#### [ASSIGNED TASK]
Skip the images and return the records below exactly.

#### [INPUT DATA]
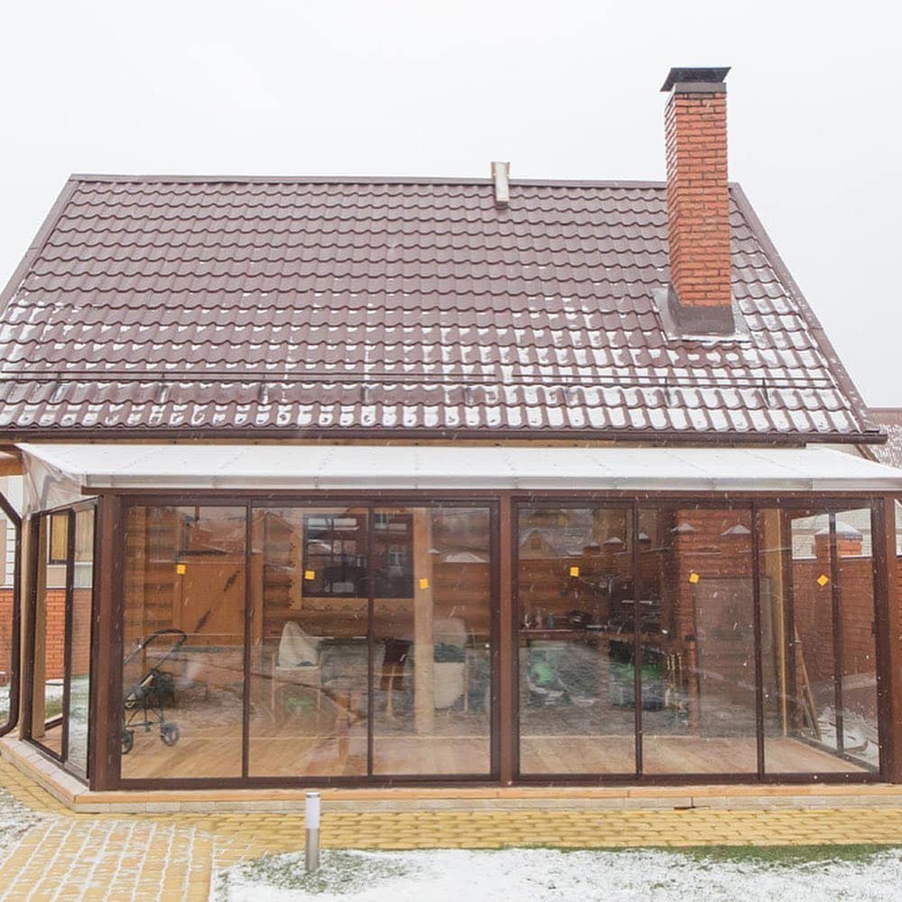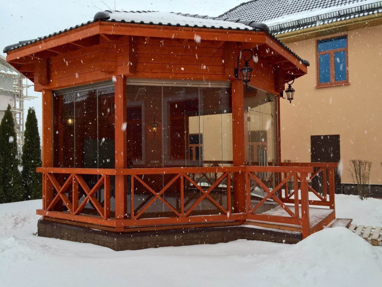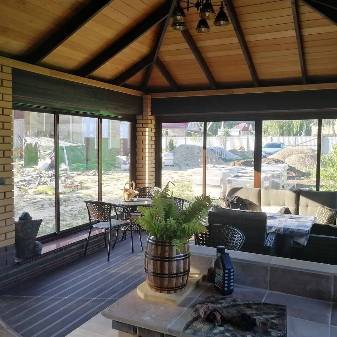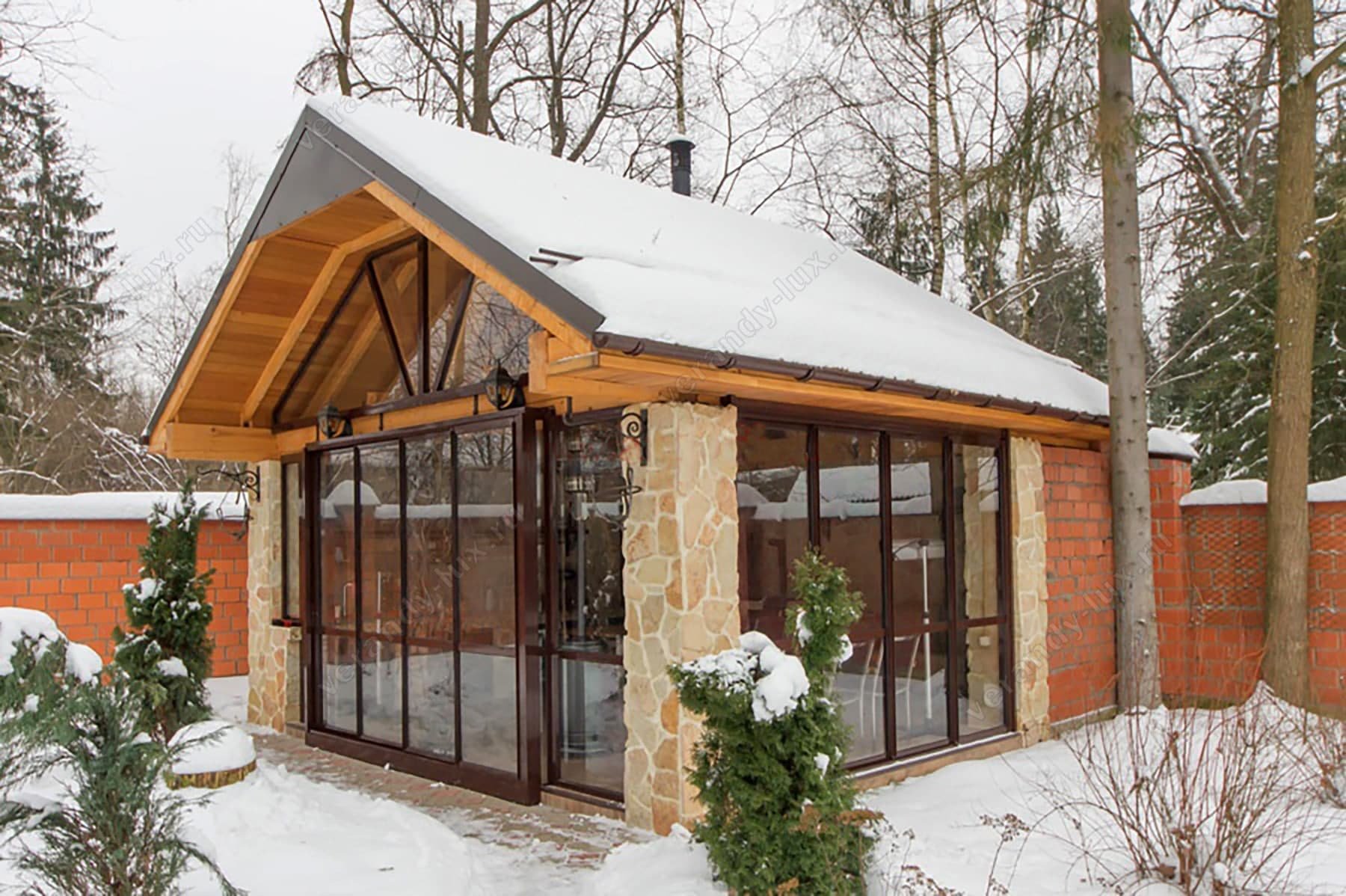 Крытая беседка застекленная с мангалом и барбекю 6х5
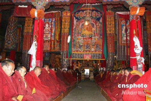 四月三十日,北京奧運會倒計時一百天,藏傳佛教格魯派三大寺廟之一的拉薩色拉寺三百五十多名僧人,舉行“祈愿世界和平,祝愿北京奧運會圓滿成功”祈愿法會。中新社發(fā) 柳俊武 攝
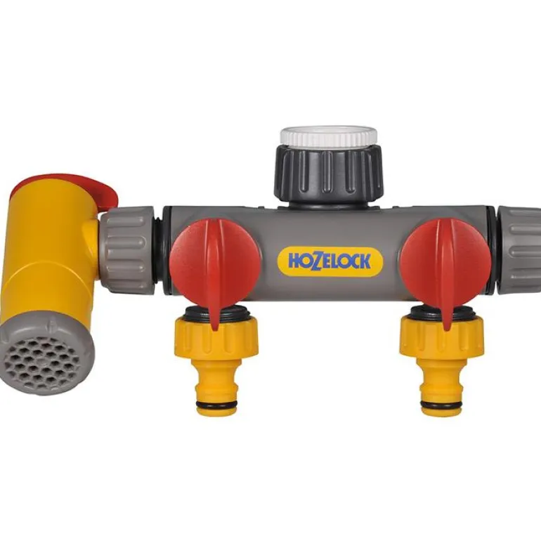 Hozelock 2250 on kolmikanavainen hanaliitin, jonka avulla voit liittää kaksi kastelulaitetta tai letkua suoraan ulkohanaan. Samalla saat pysyvästi käyttöön kolmannen ulostuloaukon, jota voi pyörittää. Voit täyttää ämpäreitä ja kastelukannuja irrottamatta muita liitäntöjä.
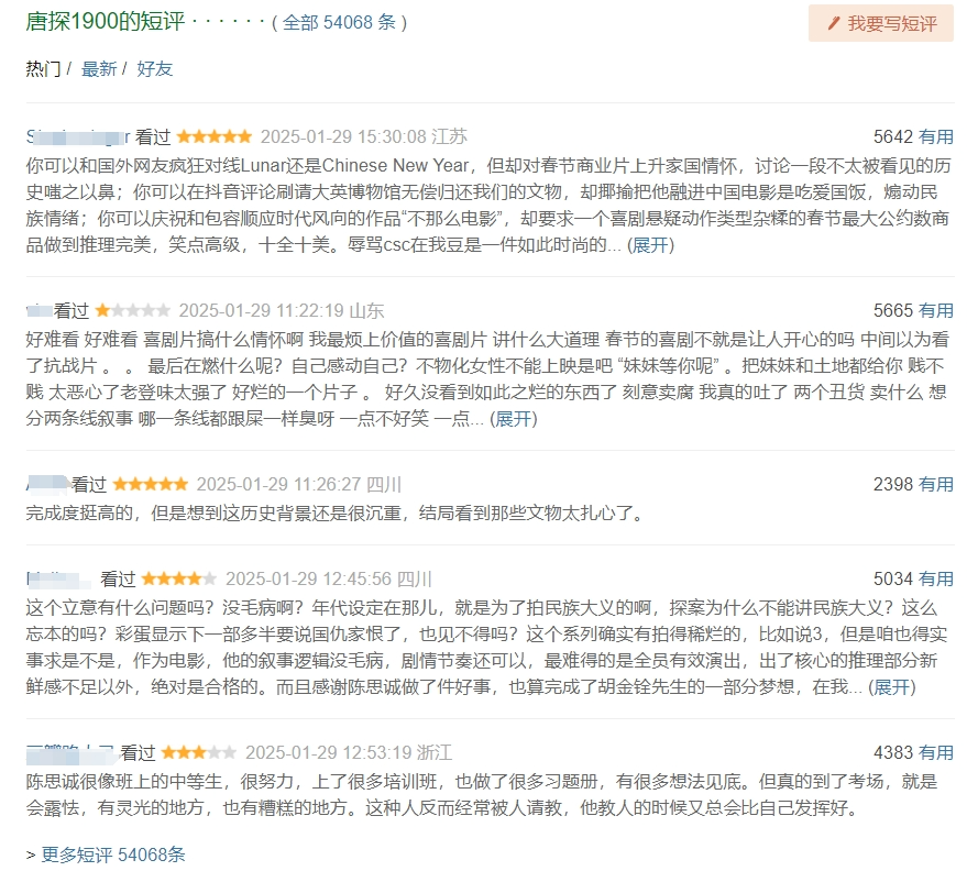 豆瓣评分6.7的《唐探1900》,虽然在口碑上落后于《哪吒2》,但票房却与《哪吒2》相差不大。小红书和豆瓣上很多网友对《唐探1900》褒贬不一,有人认为这部影片推理不足,强上价值很尴尬;有人则认为故事始终围绕一个主题层层推进,拍摄也非常有年代质感,想去电影院二刷。
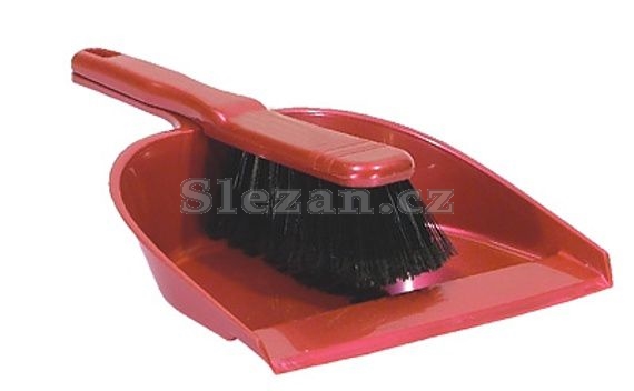 Lopatka se smetáčkem. Lopatka má plastovou hranu.

#### [EXERCISE SOLUTION]
 Крытая беседка застекленная с мангалом и барбекю 6х5
 四月三十日,北京奧運會倒計時一百天,藏傳佛教格魯派三大寺廟之一的拉薩色拉寺三百五十多名僧人,舉行“祈愿世界和平,祝愿北京奧運會圓滿成功”祈愿法會。中新社發(fā) 柳俊武 攝
 Hozelock 2250 on kolmikanavainen hanaliitin, jonka avulla voit liittää kaksi kastelulaitetta tai letkua suoraan ulkohanaan. Samalla saat pysyvästi käyttöön kolmannen ulostuloaukon, jota voi pyörittää. Voit täyttää ämpäreitä ja kastelukannuja irrottamatta muita liitäntöjä.
 豆瓣评分6.7的《唐探1900》,虽然在口碑上落后于《哪吒2》,但票房却与《哪吒2》相差不大。小红书和豆瓣上很多网友对《唐探1900》褒贬不一,有人认为这部影片推理不足,强上价值很尴尬;有人则认为故事始终围绕一个主题层层推进,拍摄也非常有年代质感,想去电影院二刷。
 Lopatka se smetáčkem. Lopatka má plastovou hranu.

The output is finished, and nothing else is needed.